** WHAT TO DO **
Begin at the line that has "Câu 12: Cho", stop after the line that has "Check WinRM Service", and print exactly those lines from the records below, without any pictures.

** MATERIALS PROVIDED **
========================================================================

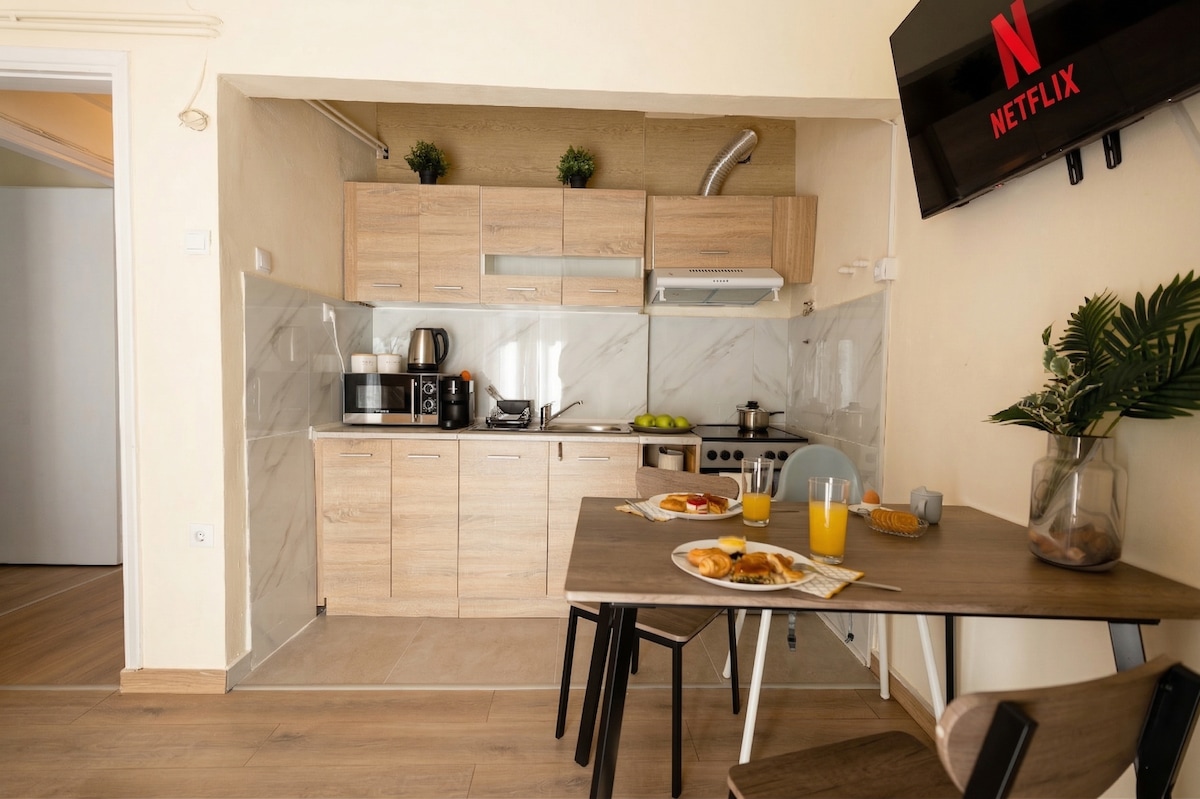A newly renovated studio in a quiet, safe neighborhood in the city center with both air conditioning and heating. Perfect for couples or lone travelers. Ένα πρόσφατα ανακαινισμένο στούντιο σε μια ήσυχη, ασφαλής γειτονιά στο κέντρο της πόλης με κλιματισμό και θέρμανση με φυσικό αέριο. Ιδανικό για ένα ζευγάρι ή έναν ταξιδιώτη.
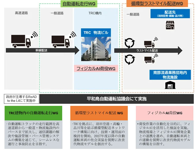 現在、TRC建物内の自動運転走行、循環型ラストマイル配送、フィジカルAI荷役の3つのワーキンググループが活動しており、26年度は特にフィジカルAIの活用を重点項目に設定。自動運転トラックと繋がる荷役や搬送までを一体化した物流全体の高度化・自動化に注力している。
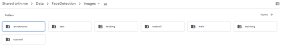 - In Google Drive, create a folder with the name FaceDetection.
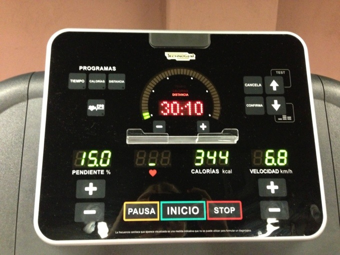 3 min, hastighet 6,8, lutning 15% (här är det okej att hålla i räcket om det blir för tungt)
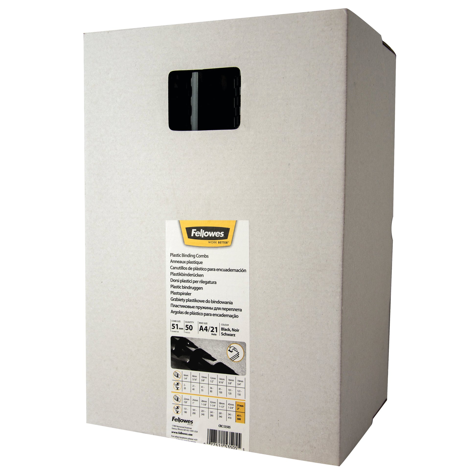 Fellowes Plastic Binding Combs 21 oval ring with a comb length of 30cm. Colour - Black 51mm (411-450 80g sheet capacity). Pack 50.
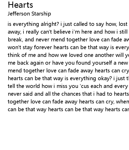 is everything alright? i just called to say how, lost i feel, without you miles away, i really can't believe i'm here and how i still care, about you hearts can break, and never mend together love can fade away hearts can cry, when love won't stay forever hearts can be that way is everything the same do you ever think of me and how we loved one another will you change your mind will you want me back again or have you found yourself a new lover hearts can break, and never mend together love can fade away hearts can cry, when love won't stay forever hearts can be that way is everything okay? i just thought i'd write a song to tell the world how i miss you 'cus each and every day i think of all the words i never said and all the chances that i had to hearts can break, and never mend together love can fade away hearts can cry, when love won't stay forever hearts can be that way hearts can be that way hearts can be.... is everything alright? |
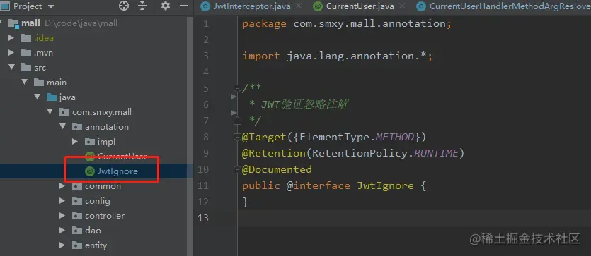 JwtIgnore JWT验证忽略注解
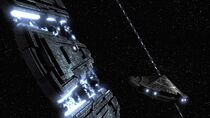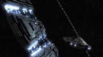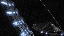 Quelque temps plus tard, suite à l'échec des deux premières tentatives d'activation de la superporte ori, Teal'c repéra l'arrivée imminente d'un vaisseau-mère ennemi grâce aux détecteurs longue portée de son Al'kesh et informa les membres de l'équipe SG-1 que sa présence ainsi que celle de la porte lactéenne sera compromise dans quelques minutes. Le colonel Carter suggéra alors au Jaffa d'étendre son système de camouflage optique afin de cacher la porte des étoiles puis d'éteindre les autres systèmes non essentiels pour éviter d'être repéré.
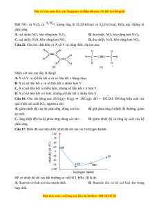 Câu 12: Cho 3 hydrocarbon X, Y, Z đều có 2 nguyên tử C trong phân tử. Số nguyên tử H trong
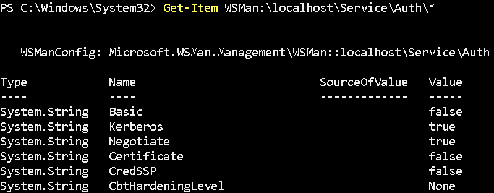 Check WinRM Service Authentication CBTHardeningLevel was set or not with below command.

========================================================================

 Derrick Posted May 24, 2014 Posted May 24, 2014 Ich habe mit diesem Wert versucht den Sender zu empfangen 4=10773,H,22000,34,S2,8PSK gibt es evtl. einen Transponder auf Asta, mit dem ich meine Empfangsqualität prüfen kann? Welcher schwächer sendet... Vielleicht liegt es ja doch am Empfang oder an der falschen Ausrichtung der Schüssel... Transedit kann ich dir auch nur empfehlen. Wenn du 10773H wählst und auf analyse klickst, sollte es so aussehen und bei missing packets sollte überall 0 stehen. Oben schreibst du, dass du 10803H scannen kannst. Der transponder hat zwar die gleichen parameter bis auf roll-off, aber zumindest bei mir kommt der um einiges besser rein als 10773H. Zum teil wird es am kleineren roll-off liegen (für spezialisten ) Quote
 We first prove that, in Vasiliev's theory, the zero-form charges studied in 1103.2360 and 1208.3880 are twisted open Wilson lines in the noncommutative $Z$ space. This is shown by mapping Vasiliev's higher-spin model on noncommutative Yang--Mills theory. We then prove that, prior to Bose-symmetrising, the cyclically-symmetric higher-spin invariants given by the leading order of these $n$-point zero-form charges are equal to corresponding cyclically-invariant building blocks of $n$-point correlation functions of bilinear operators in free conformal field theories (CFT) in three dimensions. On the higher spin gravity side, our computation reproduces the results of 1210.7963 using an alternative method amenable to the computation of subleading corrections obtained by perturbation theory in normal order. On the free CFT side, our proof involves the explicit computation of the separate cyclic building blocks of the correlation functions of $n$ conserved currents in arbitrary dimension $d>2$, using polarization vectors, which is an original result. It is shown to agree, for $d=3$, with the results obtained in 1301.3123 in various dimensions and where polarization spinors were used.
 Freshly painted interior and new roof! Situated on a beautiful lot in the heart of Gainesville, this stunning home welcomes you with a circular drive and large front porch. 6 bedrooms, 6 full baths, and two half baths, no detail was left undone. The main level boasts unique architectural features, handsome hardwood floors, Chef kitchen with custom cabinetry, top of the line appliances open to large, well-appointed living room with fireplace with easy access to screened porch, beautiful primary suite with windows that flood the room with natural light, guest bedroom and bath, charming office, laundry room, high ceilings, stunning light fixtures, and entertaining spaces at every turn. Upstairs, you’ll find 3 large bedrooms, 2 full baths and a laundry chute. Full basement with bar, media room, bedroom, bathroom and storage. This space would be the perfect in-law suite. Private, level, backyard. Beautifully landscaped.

========================================================================

** OUTPUT OF THE TASK **
 Câu 12: Cho 3 hydrocarbon X, Y, Z đều có 2 nguyên tử C trong phân tử. Số nguyên tử H trong
 Check WinRM Service Authentication CBTHardeningLevel was set or not with below command.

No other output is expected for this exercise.